Data shown:
-- Opening Marker --
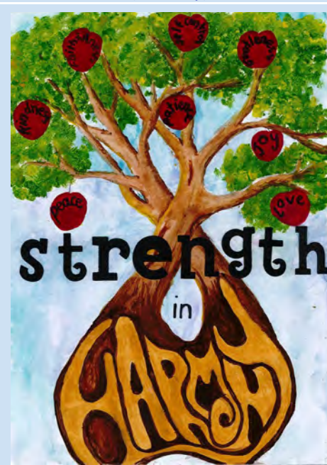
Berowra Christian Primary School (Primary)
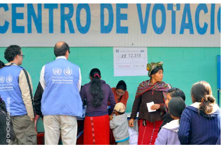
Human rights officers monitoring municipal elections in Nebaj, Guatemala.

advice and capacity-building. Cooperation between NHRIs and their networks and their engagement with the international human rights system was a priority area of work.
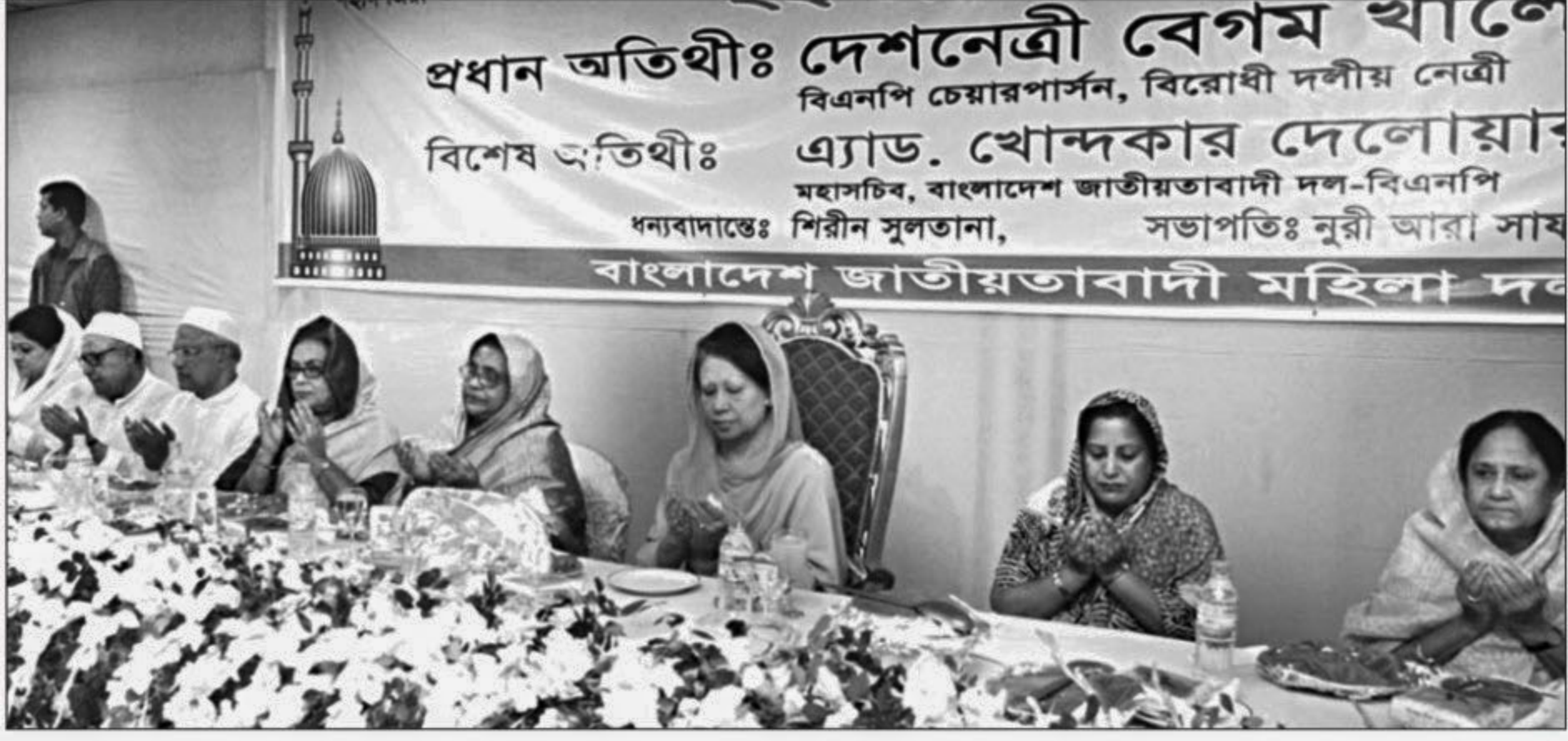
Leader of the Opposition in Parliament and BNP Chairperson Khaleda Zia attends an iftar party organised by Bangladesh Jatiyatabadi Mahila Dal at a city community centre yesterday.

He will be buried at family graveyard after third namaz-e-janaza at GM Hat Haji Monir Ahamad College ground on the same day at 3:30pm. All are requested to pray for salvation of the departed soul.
-- Closing Marker --
Directions for this task: Skip the pictures. Please copy exactly the lines from the one with "advice and capacity-building." through the final line of the material above, both ends included.

Reply to the task:
advice and capacity-building. Cooperation between NHRIs and their networks and their engagement with the international human rights system was a priority area of work.
Leader of the Opposition in Parliament and BNP Chairperson Khaleda Zia attends an iftar party organised by Bangladesh Jatiyatabadi Mahila Dal at a city community centre yesterday.

He will be buried at family graveyard after third namaz-e-janaza at GM Hat Haji Monir Ahamad College ground on the same day at 3:30pm. All are requested to pray for salvation of the departed soul.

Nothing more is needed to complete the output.